* **EXERCISE DESCRIPTION**
Repeat the records below exactly, leaving out every picture.
# # # # #
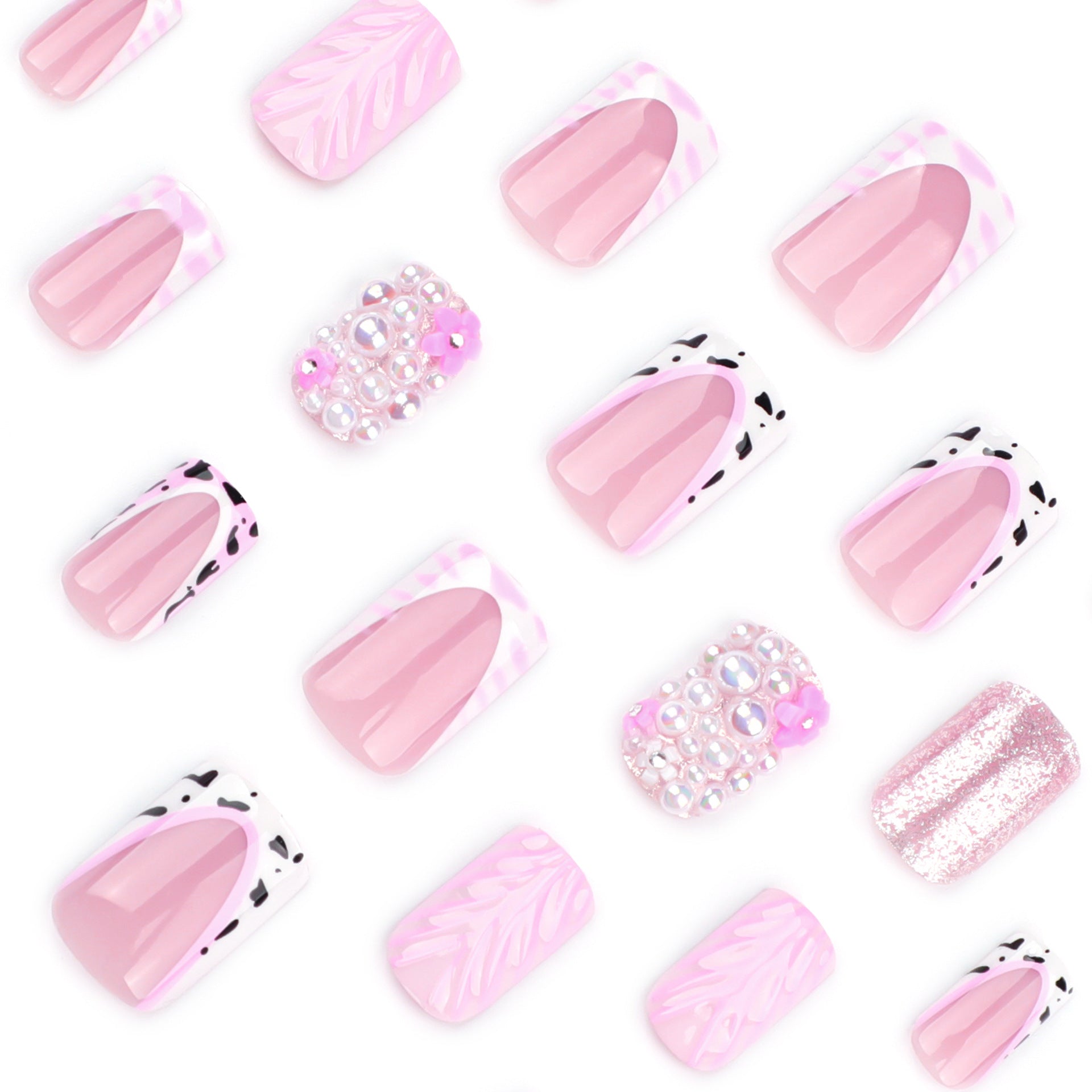Charming Blossom Press On Nail Set Short Square Pink with Sparkling Accents
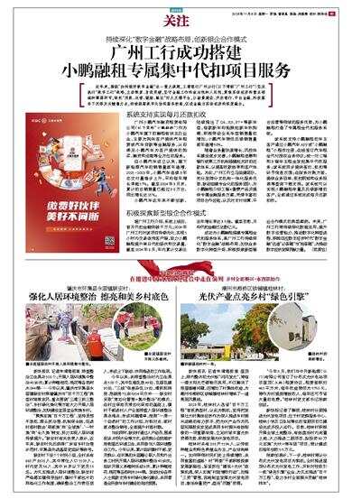 成功为小鹏融租搭建专属租金代扣服务体系,是广州工行持续深化“数字金融”战略布局,加快业务数字化转型升级,积极探索新型银企合作模式的典型案例。未来,广州工行将持续深化数据运用,提升数字运营能力,推动数字化转型进程,积极回应数字经济时代“数字金融”这道“必答题”与“抢答题”,为推动数字经济发展贡献力量。(范昊怡)
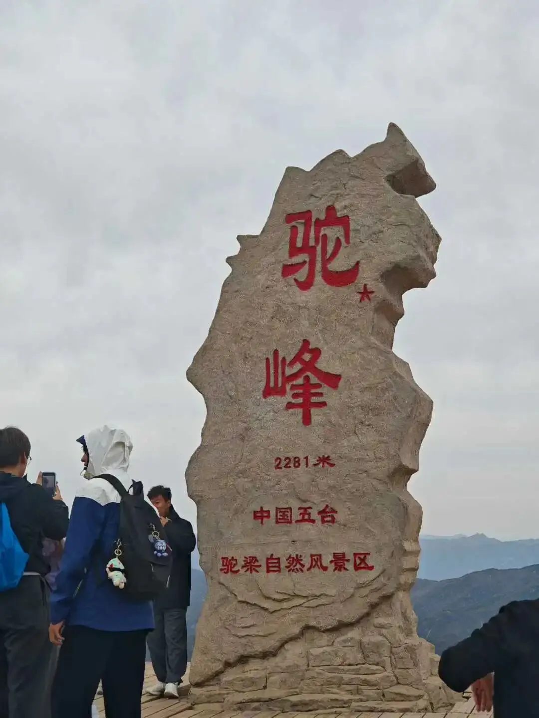 爬大概 3-4 小时,就能到山顶的云顶草原。站在草原上,四周全是连绵的青山,风一吹,草和花跟着摇晃,特别治愈。再往最高峰驼峰走,山顶有块石碑,写着海拔 2281 米,这里是河北和山西的交界处,站在这儿能一脚跨两省。
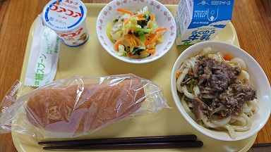 「セルフおにぎり、牛乳、肉うどん、磯あえ」
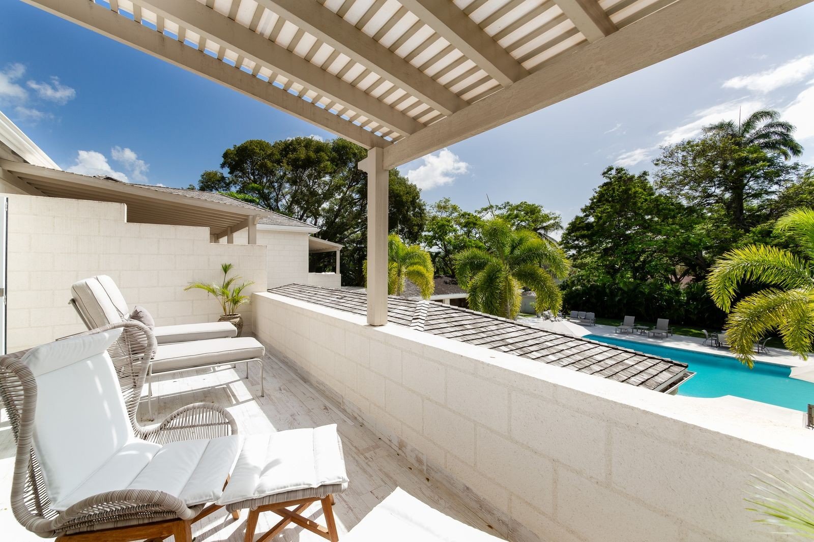 The upper level houses two master suites and two additional guest bedrooms, each with its own en-suite bathroom and private patio overlooking either the pool, the landscaped gardens, or the golf course beyond.
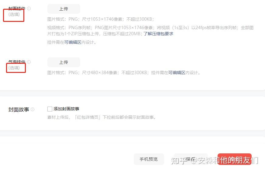 到这里,红包封面就基本制作完成了,下面的都是选填选项,厉害的小伙伴可以进一步按要求提供上传即可。
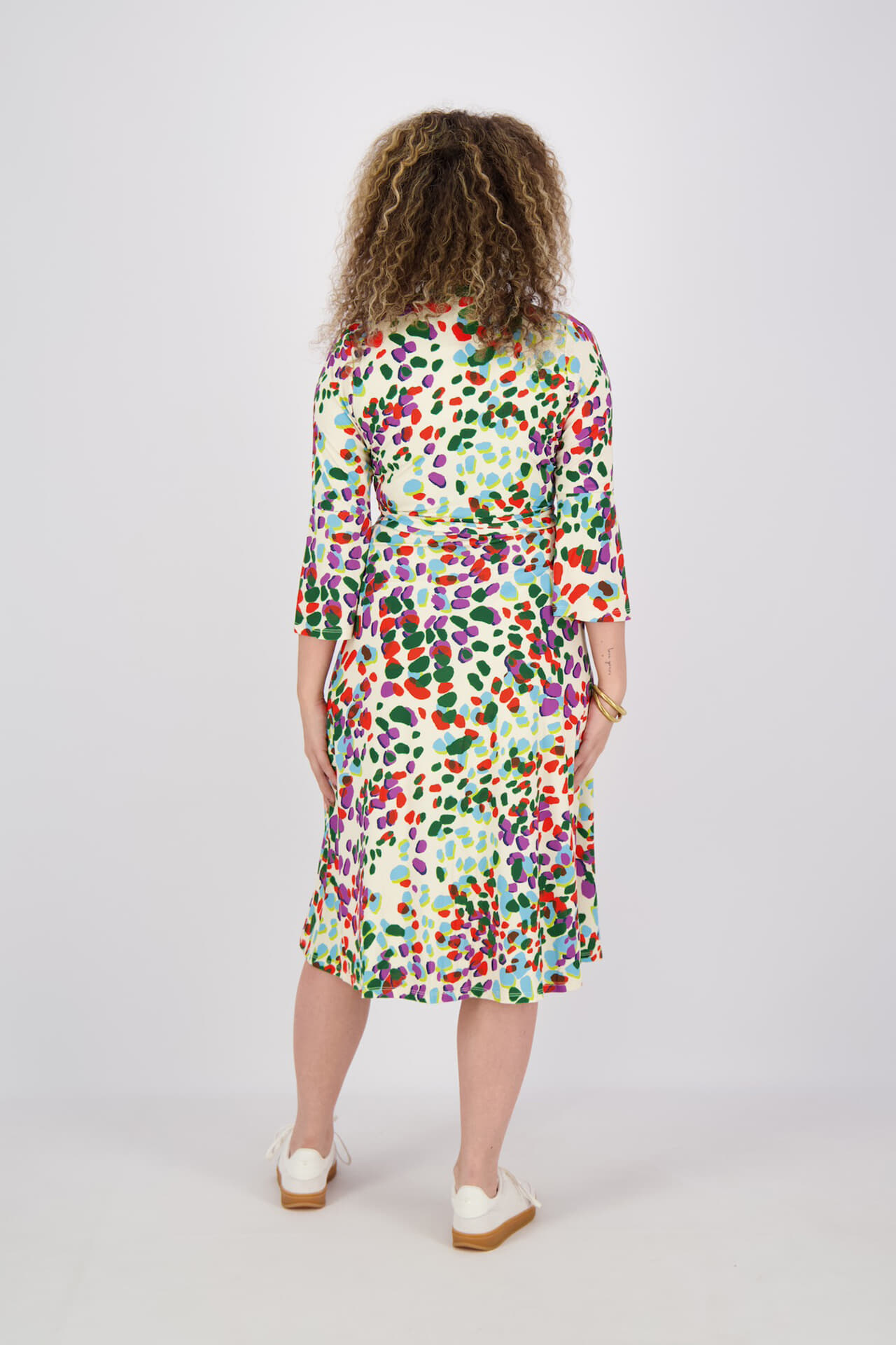 Deze jurk van K Design is een stijlvolle aanvulling op elke garderobe. Met een all-over patroon en 3-kwart mouwen biedt het een vrouwelijke uitstraling. De midi-lengte rok en de handige aanschuifsluiting maken het ideaal voor verschillende gelegenheden. Voeg kleur toe aan je collectie met deze damesjurk.
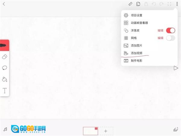 项目建好之后,我们进入了编辑界面,可以看到上方有画笔橡皮擦等工具,下方则是每帧的缩略图。
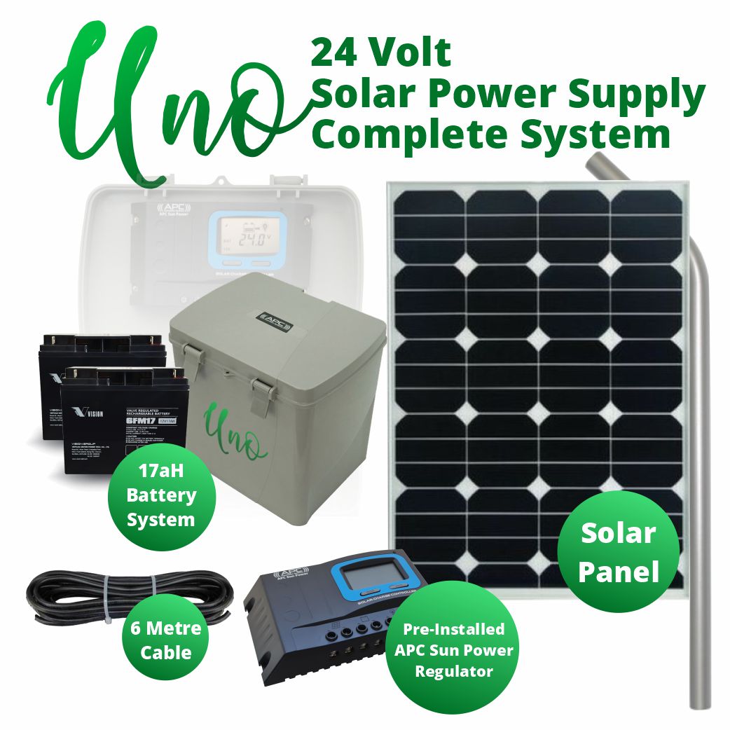 The APC Uno is an articulate all-in-one design allowing for the clean and secure housing of the APC Sun Power Solar Regulator and multiple batteries. The housing can fit up to 2x 9aH batteries (Uno Box), 2x 17aH batteries(Uno Large Box), and 1x 33aH battery(Uno Large Box). For 33aH batteries, a Master Uno Large Box and Slave Uno Large Box are required; see details below.
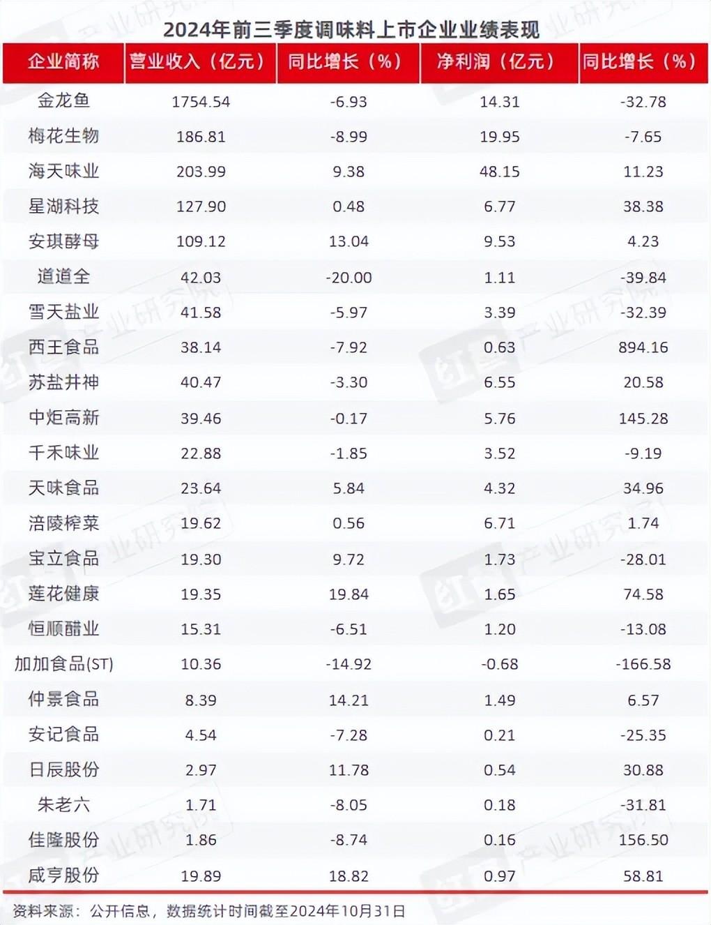 截止到10月31日,23家调味料上市企业发布三季度财报,营收格局出现了双增、双降“两极分化”的局面。实现营收净利润“双增”的企业和营收净利润“双降”的企业各有9家。
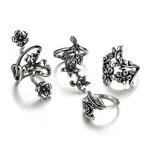 Brand new boutique item. Set of 4 silver colored metal rings in different floral & vine designs. See pictures for details.
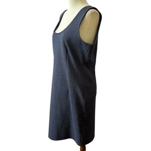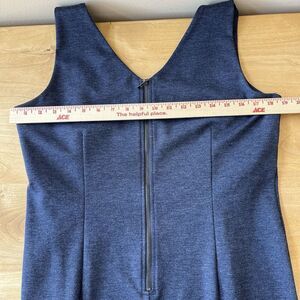 Womens size Large, heather blue color, sleeveless, round neckline, back v-neck with back zip closure, back of knee vent, sheath silhouette.
# # # # #
* **ANSWER AREA**
Charming Blossom Press On Nail Set Short Square Pink with Sparkling Accents
 成功为小鹏融租搭建专属租金代扣服务体系,是广州工行持续深化“数字金融”战略布局,加快业务数字化转型升级,积极探索新型银企合作模式的典型案例。未来,广州工行将持续深化数据运用,提升数字运营能力,推动数字化转型进程,积极回应数字经济时代“数字金融”这道“必答题”与“抢答题”,为推动数字经济发展贡献力量。(范昊怡)
 爬大概 3-4 小时,就能到山顶的云顶草原。站在草原上,四周全是连绵的青山,风一吹,草和花跟着摇晃,特别治愈。再往最高峰驼峰走,山顶有块石碑,写着海拔 2281 米,这里是河北和山西的交界处,站在这儿能一脚跨两省。
 「セルフおにぎり、牛乳、肉うどん、磯あえ」
 The upper level houses two master suites and two additional guest bedrooms, each with its own en-suite bathroom and private patio overlooking either the pool, the landscaped gardens, or the golf course beyond.
 到这里,红包封面就基本制作完成了,下面的都是选填选项,厉害的小伙伴可以进一步按要求提供上传即可。
 Deze jurk van K Design is een stijlvolle aanvulling op elke garderobe. Met een all-over patroon en 3-kwart mouwen biedt het een vrouwelijke uitstraling. De midi-lengte rok en de handige aanschuifsluiting maken het ideaal voor verschillende gelegenheden. Voeg kleur toe aan je collectie met deze damesjurk.
 项目建好之后,我们进入了编辑界面,可以看到上方有画笔橡皮擦等工具,下方则是每帧的缩略图。
 The APC Uno is an articulate all-in-one design allowing for the clean and secure housing of the APC Sun Power Solar Regulator and multiple batteries. The housing can fit up to 2x 9aH batteries (Uno Box), 2x 17aH batteries(Uno Large Box), and 1x 33aH battery(Uno Large Box). For 33aH batteries, a Master Uno Large Box and Slave Uno Large Box are required; see details below.
 截止到10月31日,23家调味料上市企业发布三季度财报,营收格局出现了双增、双降“两极分化”的局面。实现营收净利润“双增”的企业和营收净利润“双降”的企业各有9家。
 Brand new boutique item. Set of 4 silver colored metal rings in different floral & vine designs. See pictures for details.
 Womens size Large, heather blue color, sleeveless, round neckline, back v-neck with back zip closure, back of knee vent, sheath silhouette.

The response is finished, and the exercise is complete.